Advancing Scalable Natural Language Processing Approaches for Unstructured Electronic Health Record Data

    Basic Details
    Date Posted
    Status
    Complete
    Health Outcome(s)
    COVID-19
    Description

    Administrative claims data, which comprise most of the data in the current Sentinel Distributed Database, are limited in their ability to study severely ill hospitalized patients, including those in the intensive care unit. For example, data on duration of mechanical ventilation, symptom severity, oxygen saturation, supplemental oxygenation requirements, ventilator settings, and lung imaging features are not readily available in claims data. 
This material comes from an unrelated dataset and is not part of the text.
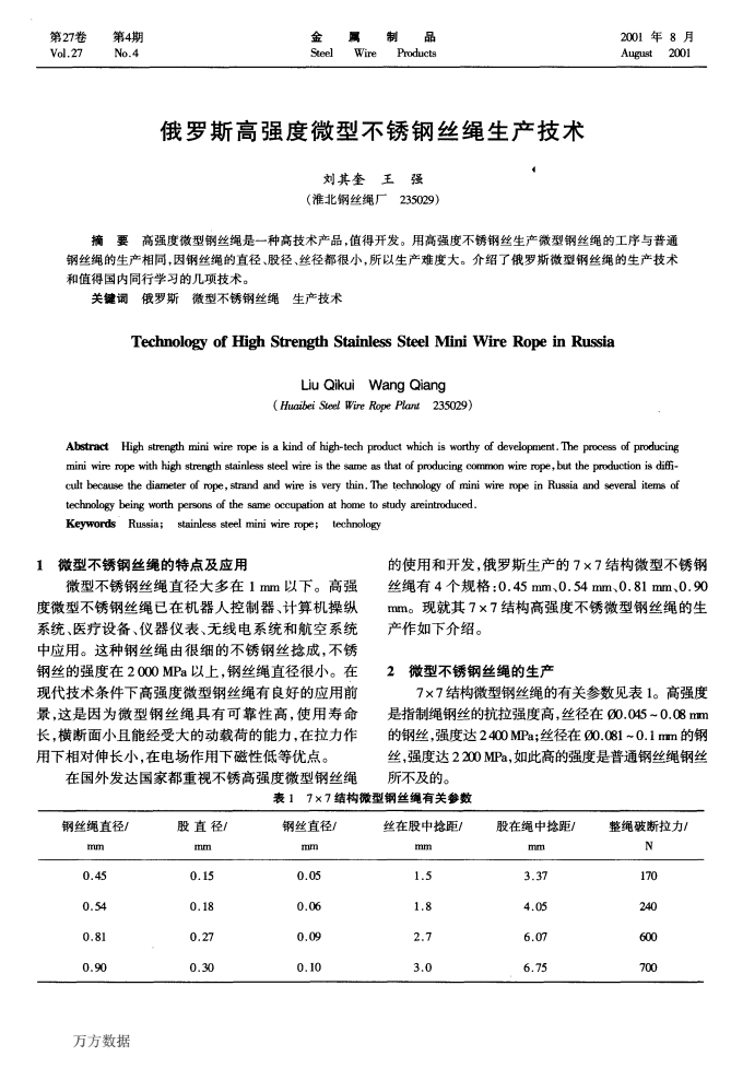 俄罗斯高强度微型不锈钢丝绳生产技术

    Information-rich unstructured electronic health record (EHR) data may address these challenges and enhance medical product safety surveillance. COVID-19 is a compelling use case for using unstructured EHR data to improve medical product safety assessment in Sentinel since studying COVID-19 requires accurate information about its symptoms, severity, comorbidities, and treatment outcomes and because patients with COVID-19 disease often present in emergency department and receive care in inpatient settings. 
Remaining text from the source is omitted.